In den letzten Tagen hat ein Phänomen gut sichtbar die Menschheit in ihren Bann gezogen: die Pokémons sind wieder unter uns. Was ab 1996 zunächst jenes Spiel war, das mit mehreren Editionen vor allem Kinder und Jugendliche in ihren Bann gezogen hat und den Nintendo zum wohl weit verbreitetsten Geschenkewunsch hat werden lassen, erlebt eine Renaissance. Wobei diesmal offenbar auch jene Generationen befallen wurden, welche den Funktionsreichtum ihres Smartphones zuvor als unbeachtet gegeben angesehen haben.

Dass es bei diesem Spiel darum geht, diverse Phantasiewesen mit Pokébällen einzufangen, sie fein säuberlich in einem Pokédex zu katalogisieren und nach Möglichkeit mit Spezialfutter, den jeweiligen Bonbons und Sternenstaub, weiterzuentwickeln, muss wohl niemandem mehr erklärt werden.

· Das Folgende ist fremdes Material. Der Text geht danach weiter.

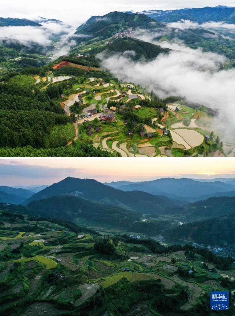 拼版照片:上图为5月19日拍摄的贵州省黎平县尚重镇洋洞村春耕时节的梯田(无人机照片);下图为9月18日拍摄的洋洞村秋收时节的梯田(无人机照片)。

In Arenen besteht die Möglichkeit, sich zu messen mit den eingefangenen Pokémons anderer Spielerinnen und Spielern und an Pokéstationen besteht die Möglichkeit, diverse nützliche Utensilien wie Pokébälle einzusammeln.

Die Besonderheit der aktuellen Neuauflage dieses Spiels: es wird Google-Maps als Spielfeld genutzt. Das bedeutet, dass die Menschen nicht bloß vor ihrer Spielkonsole sitzend Phantasiestädte wie einst Lavandia durchstöbern. Nein, die reale Welt mit seinem Straßennetz dient als große Spielewelt, in welcher man sich mit seinem Charakter bewegt. Und hinter jedem Hauseingang, an jeder Kreuzung kann ein seltenes Pokémon sitzen – darauf wartend, eingefangen zu werden. Ja sogar auf der Schulter des Gegenübers in der Straßenbahn kann eines der Phantasiewesen sitzen. Was dann zu merkwürdig anmutenden Situationen führen kann, dass die Spielerinnen und Spieler hektisch am Display des hochgehaltenen Smartphones wischend in unvermuteten Jubel oder auch einen Wutausbruch verfallen. Mitten auf einer Straßenkreuzung. Oder auch im Restaurant.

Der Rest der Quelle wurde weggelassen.